The task » Each line below from the one containing "Valentine XO Patch: Pink" through the one containing "- В комплекте" should be output exactly as it stands, and no other line should appear.

Exercise data »
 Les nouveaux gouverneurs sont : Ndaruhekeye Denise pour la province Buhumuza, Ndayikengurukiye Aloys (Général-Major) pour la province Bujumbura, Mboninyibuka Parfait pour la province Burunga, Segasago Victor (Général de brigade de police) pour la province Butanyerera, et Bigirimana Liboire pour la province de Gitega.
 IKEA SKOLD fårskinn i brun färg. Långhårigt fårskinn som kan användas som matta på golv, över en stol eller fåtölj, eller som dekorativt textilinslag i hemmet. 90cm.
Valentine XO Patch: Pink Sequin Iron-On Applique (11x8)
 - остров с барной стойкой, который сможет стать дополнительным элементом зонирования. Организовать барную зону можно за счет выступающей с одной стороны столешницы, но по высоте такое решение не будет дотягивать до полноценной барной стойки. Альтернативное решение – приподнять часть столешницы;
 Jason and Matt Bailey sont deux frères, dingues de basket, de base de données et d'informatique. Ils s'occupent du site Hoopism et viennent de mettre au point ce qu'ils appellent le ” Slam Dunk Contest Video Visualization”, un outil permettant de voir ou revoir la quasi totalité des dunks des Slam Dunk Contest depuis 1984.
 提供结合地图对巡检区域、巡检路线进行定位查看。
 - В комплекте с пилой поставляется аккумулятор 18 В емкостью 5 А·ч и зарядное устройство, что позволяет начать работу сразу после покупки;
...
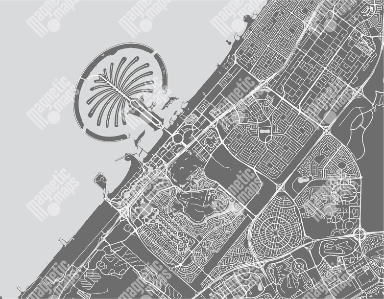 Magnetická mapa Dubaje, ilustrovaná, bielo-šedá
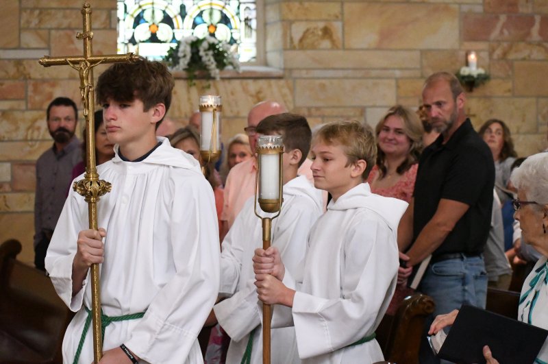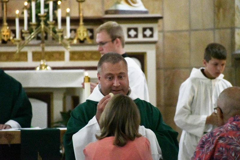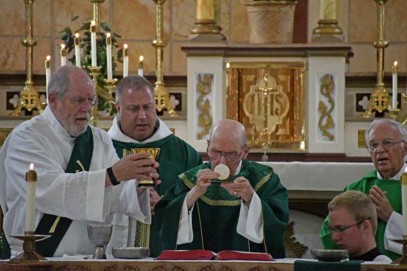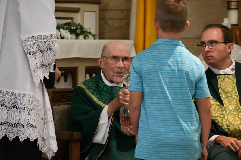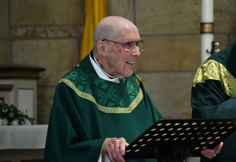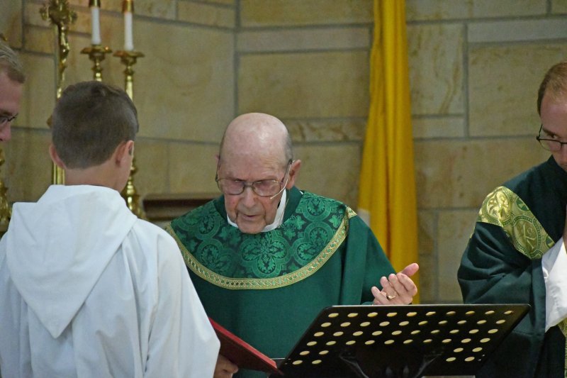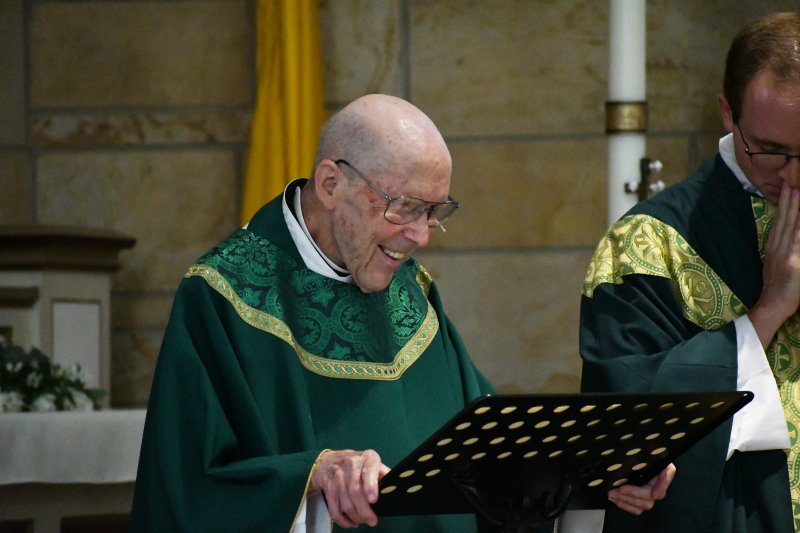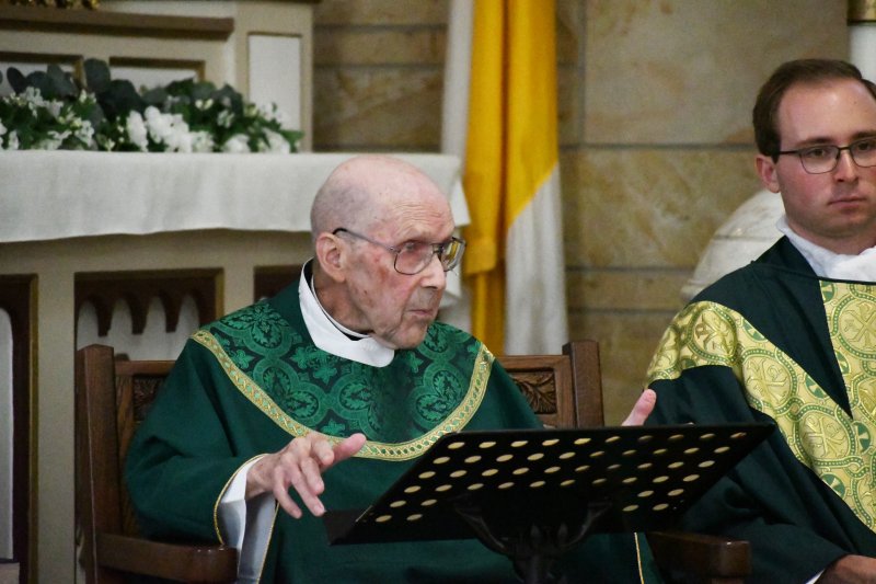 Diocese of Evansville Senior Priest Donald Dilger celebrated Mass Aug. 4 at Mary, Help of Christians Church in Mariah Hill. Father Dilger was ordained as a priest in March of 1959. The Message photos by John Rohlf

Result »
Valentine XO Patch: Pink Sequin Iron-On Applique (11x8)
 - остров с барной стойкой, который сможет стать дополнительным элементом зонирования. Организовать барную зону можно за счет выступающей с одной стороны столешницы, но по высоте такое решение не будет дотягивать до полноценной барной стойки. Альтернативное решение – приподнять часть столешницы;
 Jason and Matt Bailey sont deux frères, dingues de basket, de base de données et d'informatique. Ils s'occupent du site Hoopism et viennent de mettre au point ce qu'ils appellent le ” Slam Dunk Contest Video Visualization”, un outil permettant de voir ou revoir la quasi totalité des dunks des Slam Dunk Contest depuis 1984.
 提供结合地图对巡检区域、巡检路线进行定位查看。
 - В комплекте с пилой поставляется аккумулятор 18 В емкостью 5 А·ч и зарядное устройство, что позволяет начать работу сразу после покупки;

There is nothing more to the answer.